On Wed, Oct 10, 2018 at 03:48:34PM -0400, Jason Merrill wrote:
> On Wed, Oct 10, 2018 at 11:58 AM Marek Polacek <pola...@redhat.com> wrote:
> >
> > In this testcase, the call to f() can never be a constant expression, but
> > that's not a problem because it is never reached.  We handle a similar 
> > scenario
> > for IF_STMT, so we can just do the same.  The RANGE_FOR_STMT case seems to
> > never be reached in the whole testsuite, so I didn't change that.
> 
> That seems like a hole in the testsuite.  How about this?
> 
> constexpr int
> fn3()
> {
>   struct empty_range {
>     constexpr int* begin() { return 0; }
>     constexpr int* end() { return 0; }
>   } e;
>   for (auto x : e)
>     f();
>   return 0;
> }
> 
> The patch is OK; you can address fn3 in a follow-up patch.

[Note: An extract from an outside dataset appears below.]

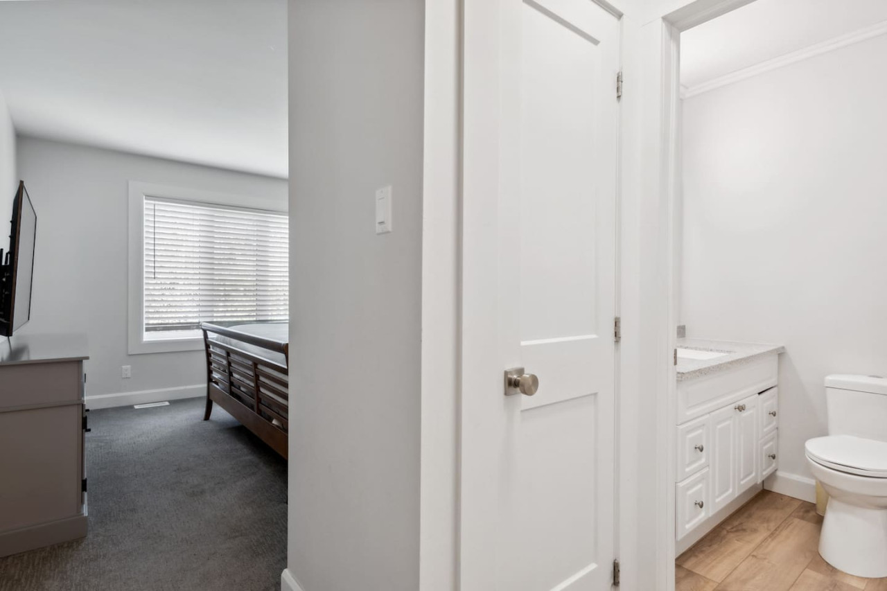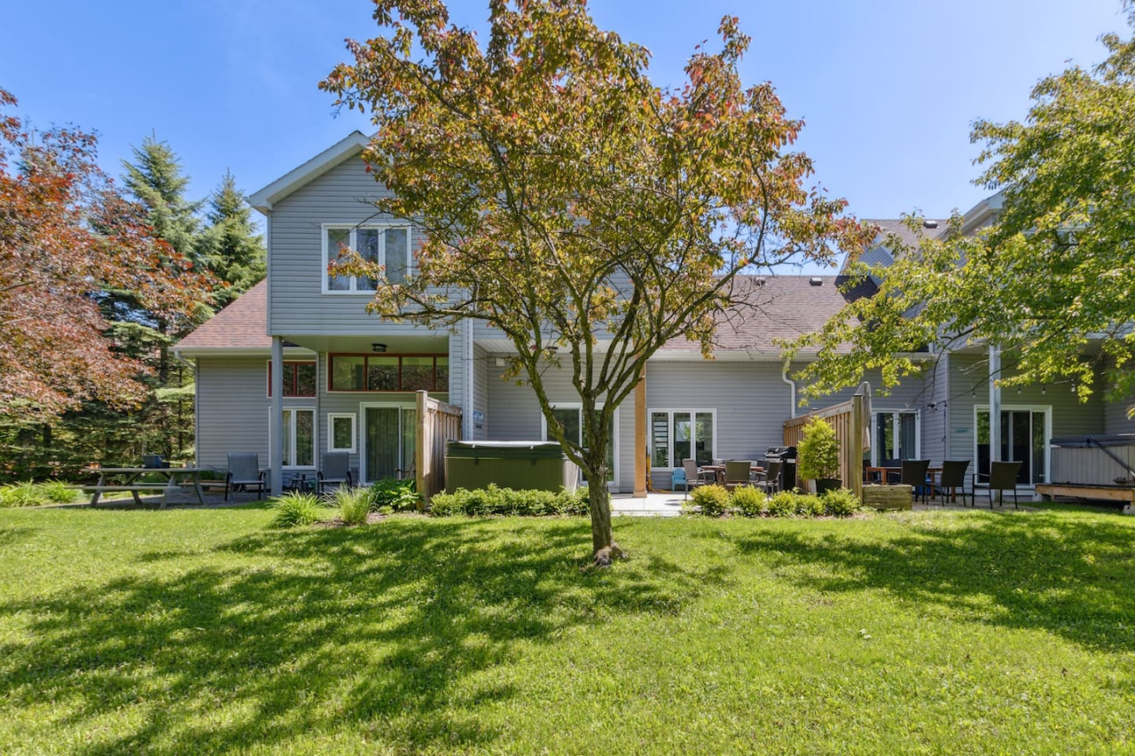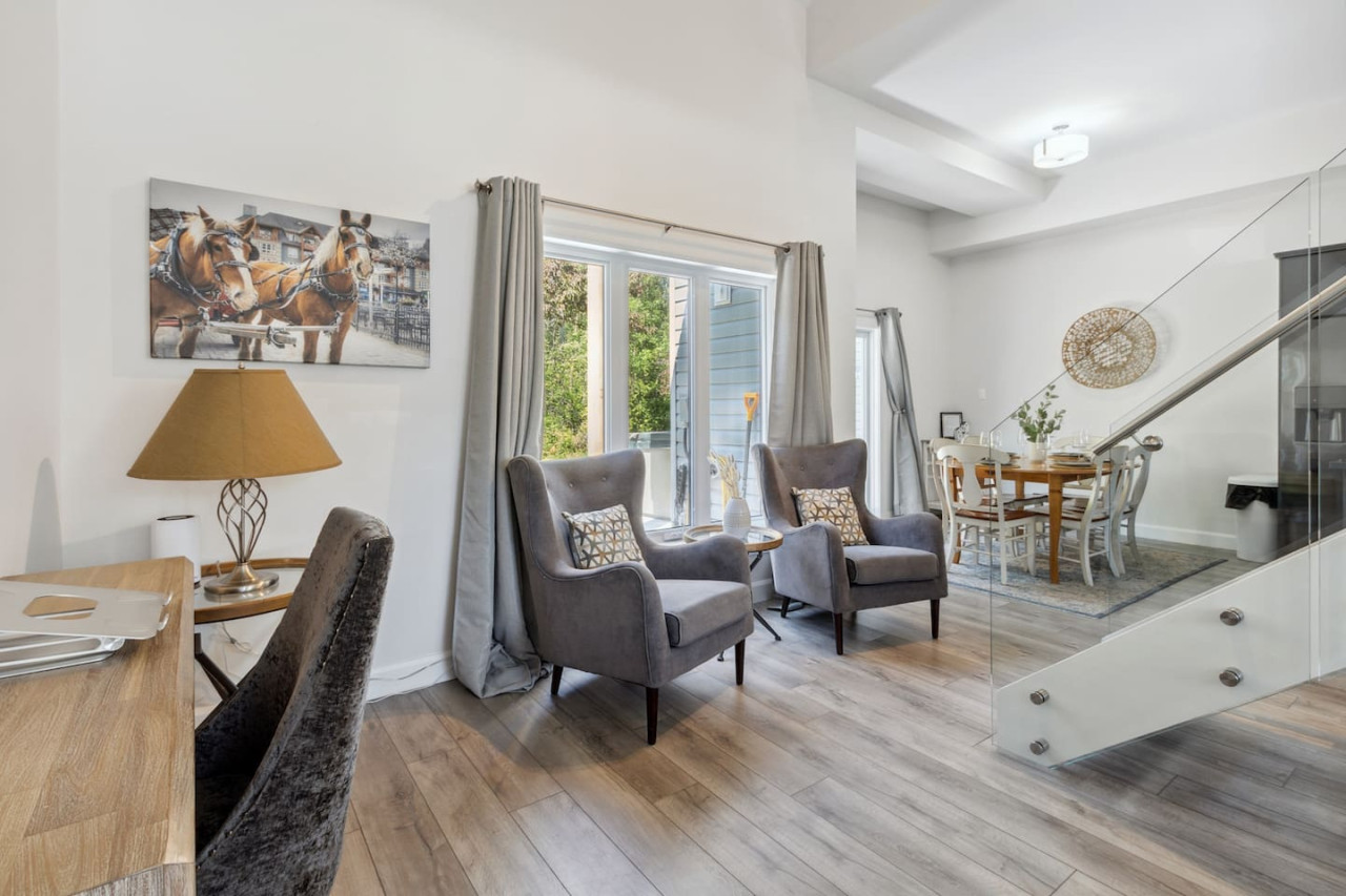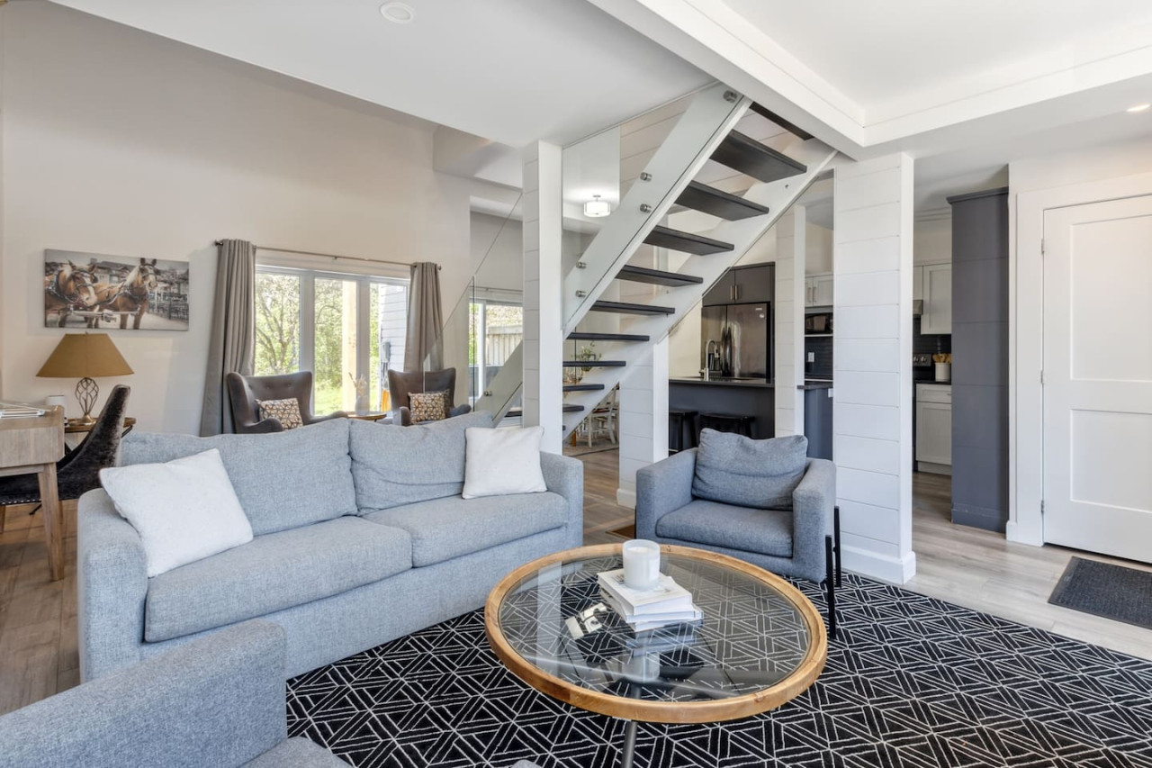 Featuring 3 bedrooms and 2.5 bathrooms. Bedroom #1 offers a King bed and private ensuite bathroom. Bedroom #2 has a Queen size bed facing a Smart TV. Bedroom #3 includes a single over double bunk bed, and the couch in the living area can pull out to a double sofa bed as required. Both full bathrooms in this home are on the second level, and the half bathroom can be found on the main level.

Thanks.  fn3() still only triggers case FOR_STMT, because RANGE_FOR_STMT are
only created in templates, and are converted to FOR_STMTs in tsubst_expr.

But I've now found a testcase that triggers the RANGE_FOR_STMT case:

int f() { return 1; }

template<typename>
constexpr void
fn4 ()
{
  struct empty_range {
    constexpr int* begin() { return 0; }
    constexpr int* end() { return 0; }
  } e;
  constexpr int j = ({ for (auto x : e) f(); 1; });
}

void
fn5 ()
{
  fn4<int>();
}

However, we fail to compile both fn3 and fn4, because we're unable to evaluate
__for_begin != __for_end.  I'm going to try to figure out why.